=== Directions for this task ===
From the listing that follows, reproduce only the lines from the one holding "Terço com contas" through the one holding "Описание Красивая женская", both included, with no pictures.

=== Exercise input ===

· · ·

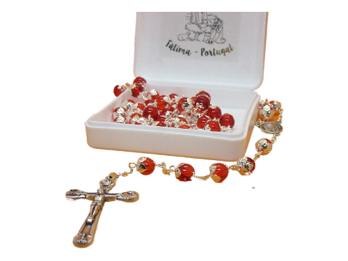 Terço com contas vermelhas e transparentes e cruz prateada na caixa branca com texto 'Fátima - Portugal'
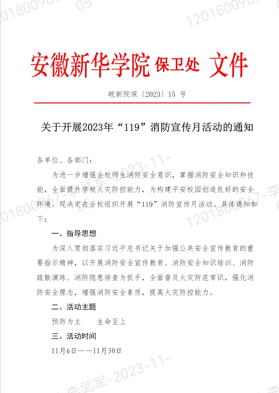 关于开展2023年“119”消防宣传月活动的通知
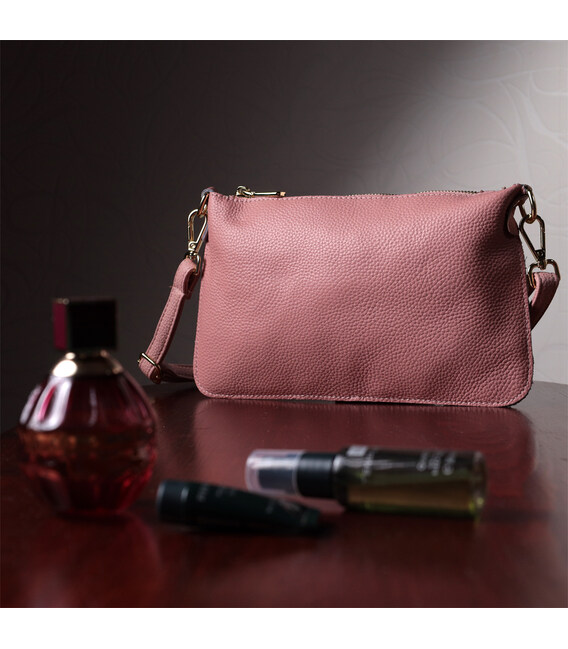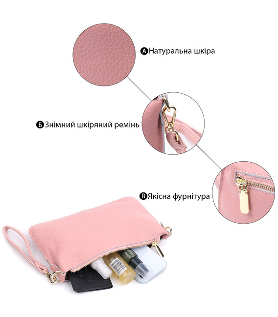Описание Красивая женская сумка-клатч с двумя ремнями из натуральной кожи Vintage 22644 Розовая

· · ·

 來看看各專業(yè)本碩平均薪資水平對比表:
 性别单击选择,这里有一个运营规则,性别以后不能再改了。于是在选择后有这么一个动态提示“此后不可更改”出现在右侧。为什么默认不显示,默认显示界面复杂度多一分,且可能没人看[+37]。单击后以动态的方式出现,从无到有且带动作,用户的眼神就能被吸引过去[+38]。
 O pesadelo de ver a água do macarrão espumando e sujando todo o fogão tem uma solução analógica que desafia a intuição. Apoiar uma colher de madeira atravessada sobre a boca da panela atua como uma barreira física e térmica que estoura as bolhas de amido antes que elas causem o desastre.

· · ·

=== Result for this exercise ===
 Terço com contas vermelhas e transparentes e cruz prateada na caixa branca com texto 'Fátima - Portugal'
 关于开展2023年“119”消防宣传月活动的通知
Описание Красивая женская сумка-клатч с двумя ремнями из натуральной кожи Vintage 22644 Розовая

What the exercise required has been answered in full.